The chief engineer added that the user interface for Secure View is “incredibly simple,” with users up and running in about 30 seconds, even with multiple computer monitors and different networks such as Non-Classified Internet Protocol (IP) Router Network, known as NIPRNet, and the Secret IP Router Network, or SIPRNet.
“From a user experience perspective, it provides unparalleled flexibility in how you, the user, need to use your workspace,” he said. “In the old days, if you had NIPR and SIPR at your desk, you had a computer running SIPR on one monitor, and you had one computer running NIPR on another monitor. People were used to dedicating one computer monitor per virtual machine. Secure View, however, can accommodate up to 16 computer monitors per computer.”
To build further on the solution and tackle any "over the shoulder surfing" issues, the AFRL has found a way to offer the solution without the need for computer monitors.

Having augmented reality opens up more doors than what we initially expected.
“Secure View is a national security solution,” DeProspero stated. “And what that means is that it is being used at the highest levels of government, and the last thing that you thought that you would have to deal with were things like shoulder surfing. But as it turns out, it is a very real problem, and we were tasked with finding a way to be able to use Secure View without the computer monitor.”
And while this left the AFRL engineers “scratching our heads for a little while,” they found that augmented reality (AR) goggles would work just fine after first experimenting with virtual reality (VR) goggles. VR goggles immerse the viewer in a new digital reality, while AR overlaps new information onto the viewer’s real world around them.
“The problem is a lot of the users of Secure View were not brought up in the virtual reality era, myself included,” the chief engineer said. “The very first time I created a proof of concept of this in a VR headset, it made me nauseous and motion sick, and immediately we realized that just because the solution provided unparalleled security, does not mean that it provides a good user experience. So, we transitioned that to augmented reality.”
The lab worked with U.S. Special Operations Command (SOCOM) to find an AR headset. Forward-deployed soldiers from SOCOM already employ AR headsets in contentious areas. And using the goggles, the soldiers are able to see what they need while retaining immediate awareness in their real field of view.
“With an augmented reality headset, it's just a piece of glass that you can look through, but on that piece of glass a digital asset is projected,” DeProspero explained.
The headset they chose—Magic Leap 2—has a 5K resolution, which is incredibly bright and can even be used out in direct sunlight, he said.
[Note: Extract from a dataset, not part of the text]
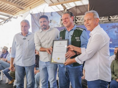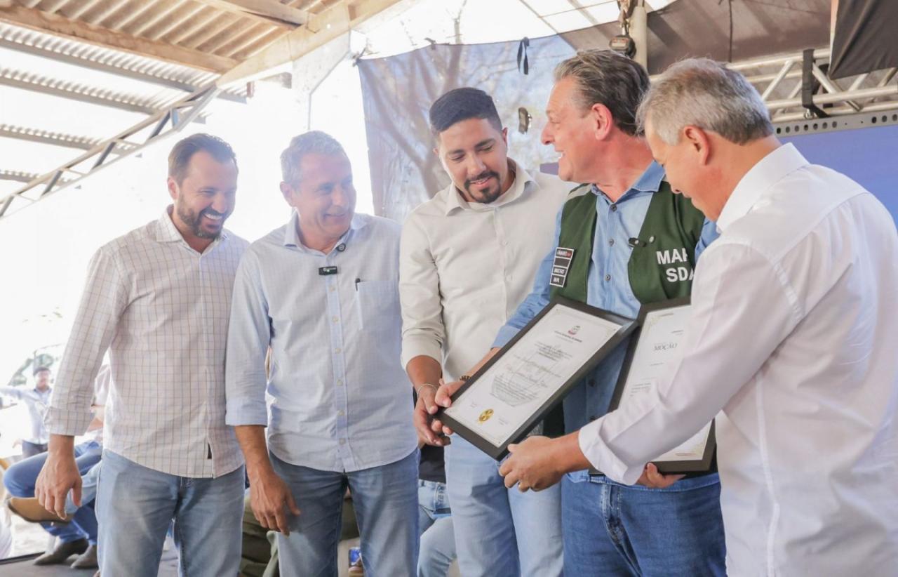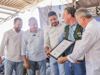 A manhã desta sexta-feira (11) foi histórica para o município de Sorriso. No assentamento Jonas Pinheiro, o ministro da Agricultura, Pecuária e Abastecimento, Carlos Fávaro, recebeu o título de Cidadão Sorrisense e uma moção de aplausos da Câmara Municipal, em reconhecimento aos serviços prestados à cidade durante sua trajetória como senador e no Governo Federal. A solenidade ocorreu durante a entrega de equipamentos e maquinários do Programa de Agricultura Familiar para produtores de Sorriso e região.

And the goggles are very light, with a form factor akin to a pair of glasses versus the weight of a traditional VR headset.
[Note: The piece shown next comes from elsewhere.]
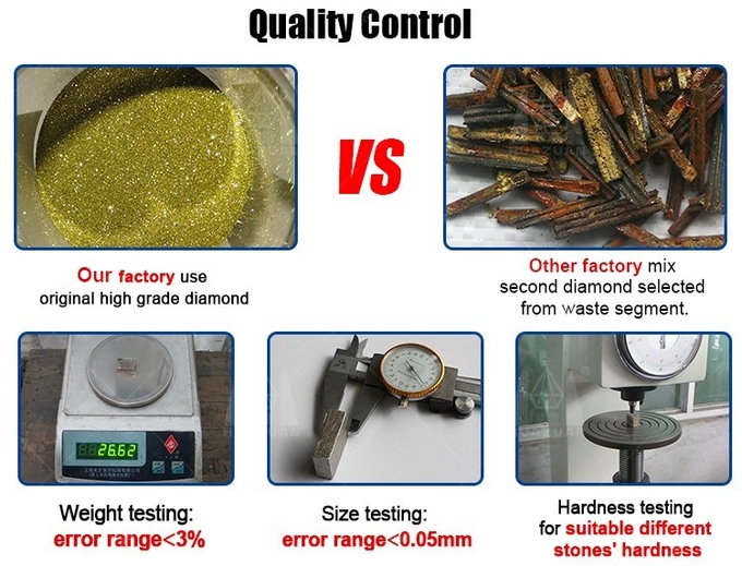 | Size | Specialized in making any sizes of diamond segment, we can make many different kinds of quality and sizes to fit your market and your stone |

After they created the AR capability, conducted proof of concept testing and obtained user feedback from potential end users, “what we found is that people are more excited than we could have ever imagined about the prospect of being able to use these now,” DeProspero noted.
“Having augmented reality opens up more doors than what we initially expected, especially for the classified telework use cases or use cases where you need to access even higher classified networks in spaces that were natively constructed to host lower levels,” he added. “And what we found out in talking with a lot of security people is that the removal of the physical monitor is step one in being allowed to access networks of very high classifications, outside of SCIFs [sensitive compartmented information facilities] or outside environments that those networks were designed to operate within.”